Our top feature is the day of year, which, since we only have monthly data, is fairly similar to the 4th feature: month. Other important features include the amount of rain for various months last year and several exponetial weighted moving averages which will take into account the amount of rain for various months this year.
Retraining Our Model
Now that we have a base model that has been trained, validated, and tested we will take this model and it’s features and rebuild it on our full training data set.

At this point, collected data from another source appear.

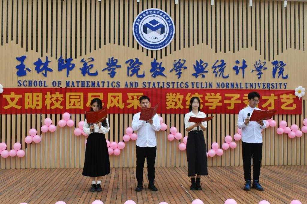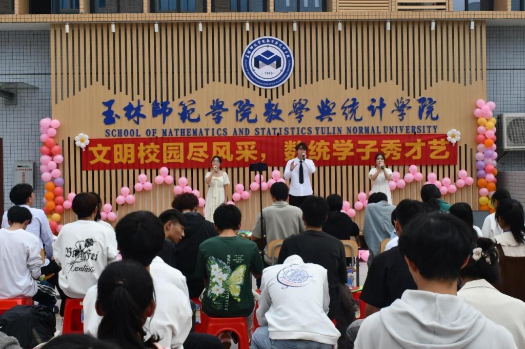 台下观众反响热烈,与表演者们积极互动。现场气氛欢乐轻松,文明与艺术交融,展现出数统学子的青春活力和对大学生活的美好向往。最后,由李秀英、周美艳、邓力搏为获奖队伍颁奖。
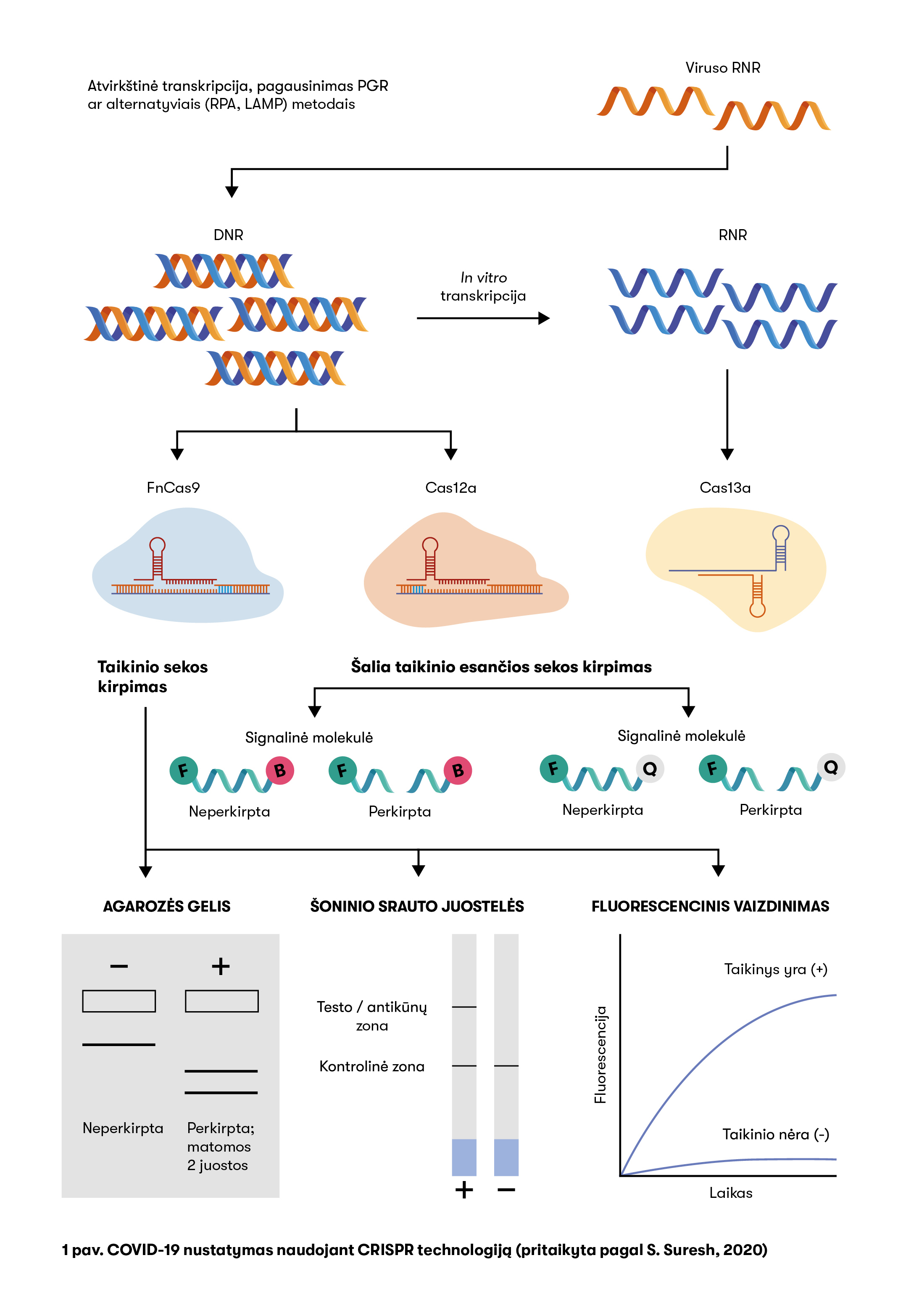 CRISRR-Cas sistema veikia endonukleazės atrankumo principu – fermento aktyvumas priklauso nuo komplekse esančios sekos, kuri yra komplementari ieškomam fragmentui. Esant atitikimui, sukeliamas specifinis reporterinės sekos kirpimas, taip atpalaiduojant molekulę, lemiančią spalvinę ar kokią kitokią teigiamą rezultatą rodančią reakciją. Nieko nuostabaus, kad ši technologija imta taikyti ir COVID-19 nustatyti (1 pav.).
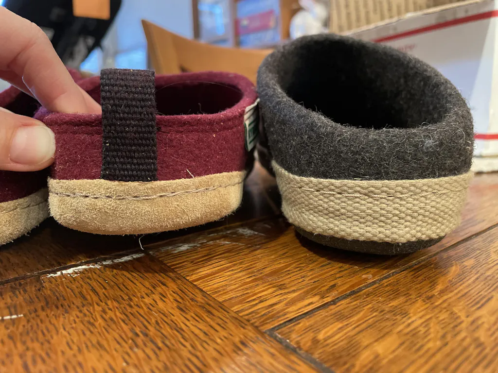 We don’t recommend it. All Kyrgies are made from felted wool and can easily shrink or lose their shape in the washing machine. It can also cause the leather soles on certain styles to bleed. If your Kyrgies are looking a little dirty, try spot cleaning with a dry brush, or if necessary, a gentle wool-friendly detergent and a damp cloth. Dry cleaning is also an option.
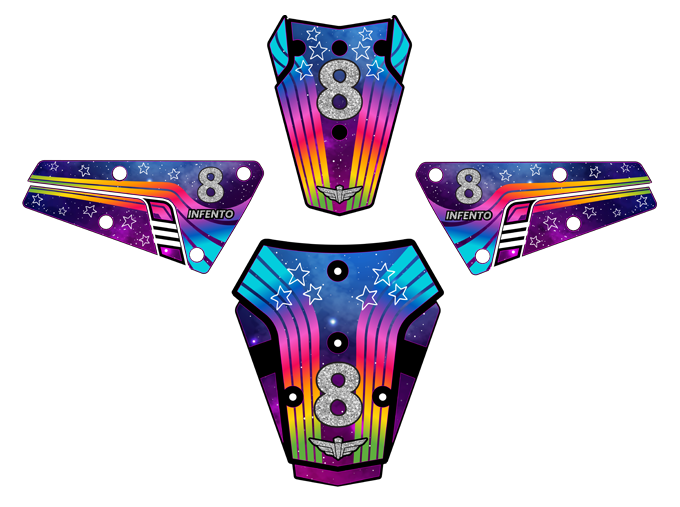 Upgrade your Ride with stylish Fairings! Includes four fairings and two sticker sets—Racing and Galaxy—for endless customization and epic adventures!
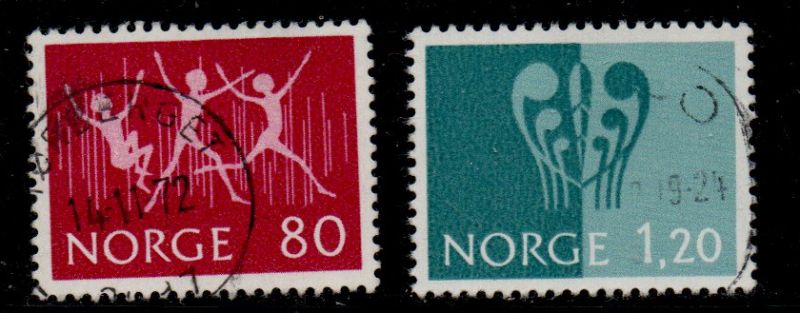 Norway Scott Catalogue number 592-593 1972 INTERJUNEX 72 Philateic Exhibition stamp set .
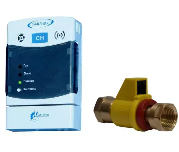 - САКЗ-МК-1 состоит из сигнализатора загазованности в ударопрочном пластмассовом корпусе, запорного клапана с импульсным управлением и кабеля клапана протяжённостью 10 м (по заказу до 20м);
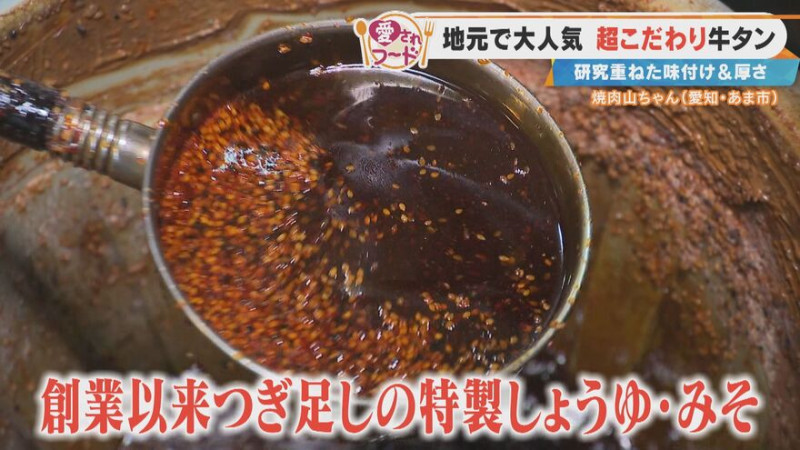 創業は昭和41年。初代の山﨑髙保さんが店を始めてから60年近く、地元の人に愛され続ける「焼肉山ちゃん」。髙保さんが作り出した特製のタレを今も継ぎ足しで作り、その味を守っています。その特製味噌ダレをまとった牛ホルモンやハラミも絶品で、甘くて深みのある味わいが口いっぱいに広がります。

This will prepare us for our final goal of predicting 2016 rain per month!
# Look at model parameters
params_retrain = params
params_retrain.dump()
{'dataset_key': 'ladacasa',
'resumed_model_key': '',
'target_col': 'rain_inches',
'weight_col': '',
'fold_col': '',
'orig_time_col': 'end_of_month',
'time_col': 'end_of_month',
'is_classification': False,
'cols_to_drop': ['C1'],
'validset_key': '',
'testset_key': 'comobogo',
'enable_gpus': True,
'seed': 1234,
'accuracy': 10,
'time': 4,
'interpretability': 8,
'scorer': 'MAE',
'time_groups_columns': ['end_of_month', 'rain_gauge'],
'time_period_in_seconds': 2592000,
'num_prediction_periods': 12,
'num_gap_periods': 0,
'is_timeseries': True,
'config_overrides': None}
# rebuild from our previous model rather than starting over
params_retrain.resumed_model_key = initial_training_model.key
# train on the train + test dataset
params_retrain.dataset_key = retrain.key
# include no data set
params_retrain.testset_key = ''
full_training_model = h2oai.start_experiment_sync(
**params_retrain.dump()
)
Making Predictions on New Data
Now that we have our final model we can make predictions on rain for 2016.
# Score on new data set
prediction = h2oai.make_prediction_sync(
full_training_model.key
, '/../../data/rain_predict.csv'
, output_margin = False
, pred_contribs = False
)
# Download predictions
pred_path = h2oai.download(prediction.predictions_csv_path, '.')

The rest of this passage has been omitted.